Sequence Logos - Bioinformatics for Biotechnology Students

When studying multiple sequence alignments (MSAs), we often want to summarize patterns across many sequences rather than display each one individually. Sequence logos offer a compact visual representation: each position in the alignment is shown as a stack of letters, where the total height of the stack reflects how conserved that position is, and the height of each individual letter reflects how often that character appears.

Sequence logos were introduced by Schneider and Stephens Schneider & Stephens (1990) and have since become a standard tool in bioinformatics for visualizing regulatory motifs, binding sites, and any other position-specific pattern in biological sequences.

Information Content¶

The height of each column in a sequence logo is a quantitative measure called information content, derived from information theory.

Shannon Entropy¶

For position $i$ in the alignment, the Shannon entropy measures the uncertainty in the character distribution:

H_i = -\sum_{a} f_{i,a} \log_2 f_{i,a}

(1)

where $f_{i,a}$ is the observed frequency of character $a$ at position $i$ . Entropy is zero when every sequence has the same character (complete conservation) and is maximal when all characters appear with equal frequency (maximum uncertainty).

Information Content in Bits¶

The information content at position $i$ is the reduction in uncertainty relative to the maximum possible entropy:

I_i = \log_2(N) - H_i

(2)

where $N$ is the alphabet size. This gives the following upper limits:

Alphabet	Size $N$	Maximum $I_{\max}$
DNA / RNA	4	$\log_2(4) = 2.00$ bits
Amino acids	20	$\log_2(20) \approx 4.32$ bits

A fully conserved position contributes 2 bits (DNA) or ≈4.32 bits (protein); a completely random position contributes 0 bits. Within each column, the height of an individual letter for character $a$ is $I_i \times f_{i,a}$ , so more frequent characters occupy a larger fraction of the column.
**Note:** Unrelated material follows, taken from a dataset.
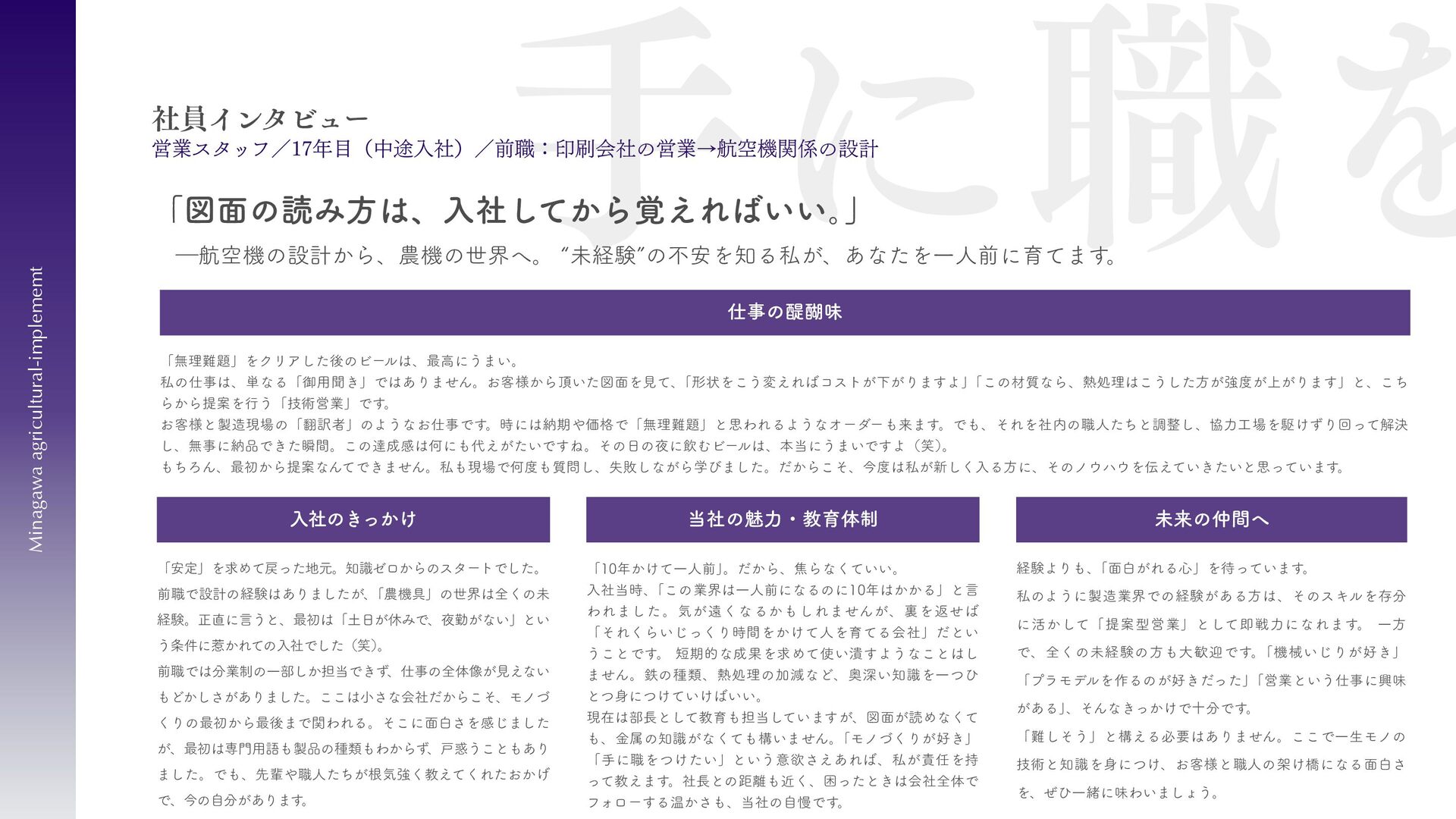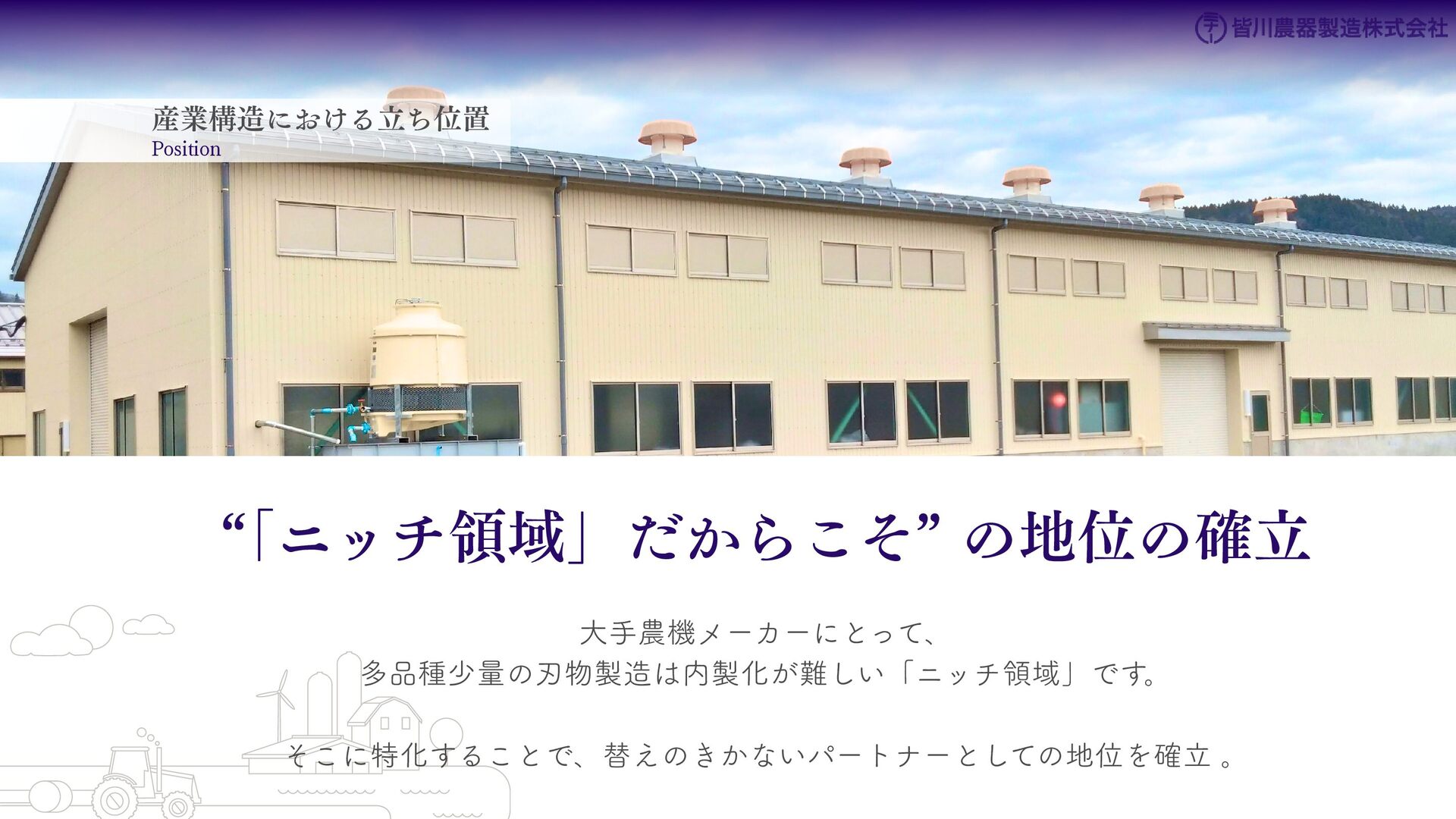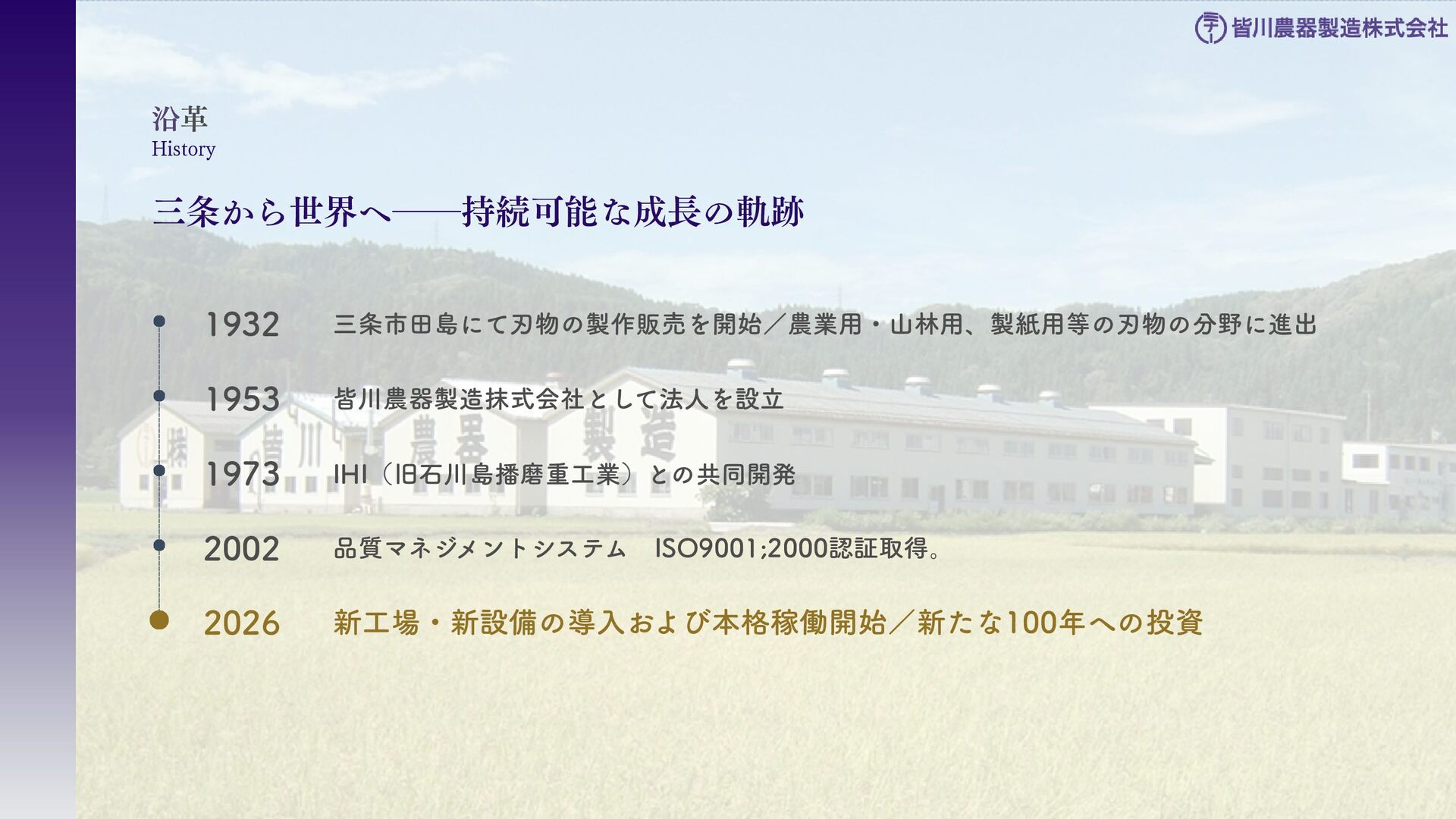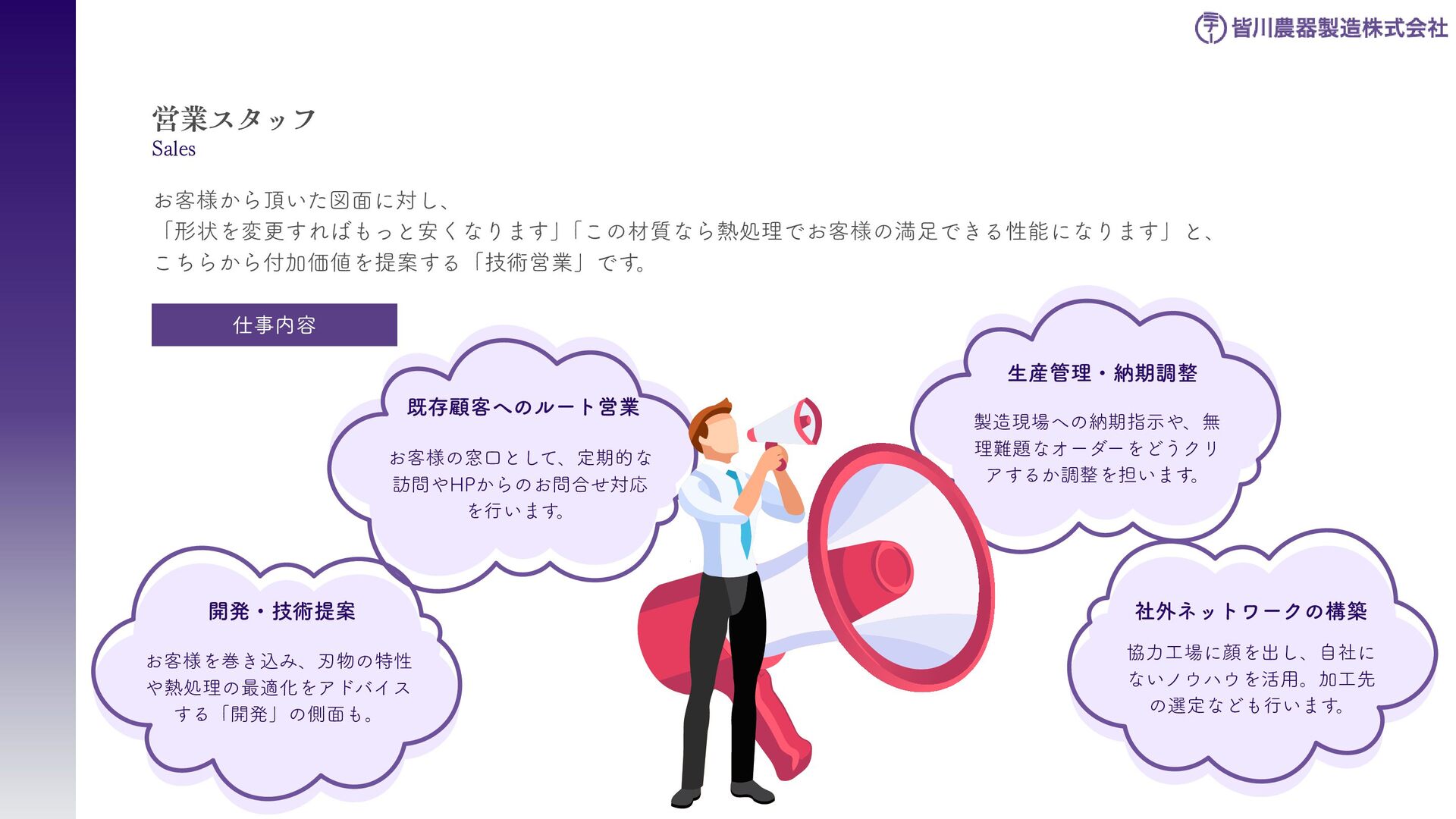 刈払機用は、鋼板の物 と、鋼板の先端に超硬チ ップを付けたチップソー があります 。バーナイフ、 ハンマーナイフは、専用 機械に取り付けて使いま す 。 草刈用 当社の刃物はヨーロッパのベルサイユ宮殿の庭管理にも使われています。 草刈から産業用までさまざまなシーンで使われる刃物の製造・販売をしています。 シーンによりニーズは異なり、切れ味が良ければそれでいいというわけではなかったり奥深い世界です。 稲作用 米や小麦の収穫用コンバ イン・バインダーに使用 される刃物です。コンバ インやバインダーの先端 に取り付けて稲の刈取を する刈取刃。 コンバインの中に組入れ て脱穀するワラ切刃、稲 わらを裁断するストロー カッター。野菜等のカッ ターとしても使用されて います 。 畑作用 田畑の土を耕起する、野 菜を収穫する、根や葉を 切断するために使用され る刃物です 。 円盤状になっていて田畑 の土を起こす機能のディ スク・コルター。 トウモロコシ、ジャガイ モ、ビート、牧草等の野 菜を収穫する時に使用さ れるカッター、ナイフ。 園芸・芝刈用 生け垣などの剪定や公 園・ゴルフ場等の芝草を 管理する刃物です。生け 垣の剪定、刈込みに使用 されるヘッジトリマー 刃。公共の場はもちろ ん、家庭の樹木の剪定に も最適な刃物です 。 ゴルフ場や公園で主に使 われる芝刈機用の回転 刃、固定刃。 産業用 用紙を切断する刃物や、 林業用機械、建設現場の 機械で使用される刃物で す 。 名刺やレシート、普通紙 等の紙を切断する刃物。 木材を粉砕する刃物、コ ンクリートや地面をきれ いにする刃物。 その他にもあります。ご 相談ください。 コンベア 収穫した作物の搬送や肥 料撒きで使用される搬送 コンベア部品。 ジャガイモ、タマネギ等 の野菜を収穫するときに 使用されるコンベア部 品。肥料を田畑に撒くと きに使用される搬送用コ ンベア部品。鍛造溶接 品、ロット丸棒仕様と多 種に対応可能です 。 特殊鋼 特殊鋼板の熱間加工、特 殊丸鋼の曲げ加工品で す 。 ひょうたん形状、ねじれ 形状、変形曲げなど必要 に応じた刃物・部品の形 状に対応が可能です 。 ご相談ください。

The higher maximum for amino acid logos reflects the larger alphabet: a conserved protein position carries more than twice the information of a conserved nucleotide position.

Examples¶

We use the logomaker package Tareen & Kinney (2020) to generate sequence logos in Python.

import logomaker
import matplotlib.pyplot as plt

The Kozak Consensus Sequence¶

The Kozak sequence is a short conserved motif surrounding the AUG start codon in eukaryotic mRNAs, recognised by the ribosome during translation initiation. Described by Marilyn Kozak Kozak (1987), the consensus is often written (GCC)RCCAUGG, where R is a purine (A or G).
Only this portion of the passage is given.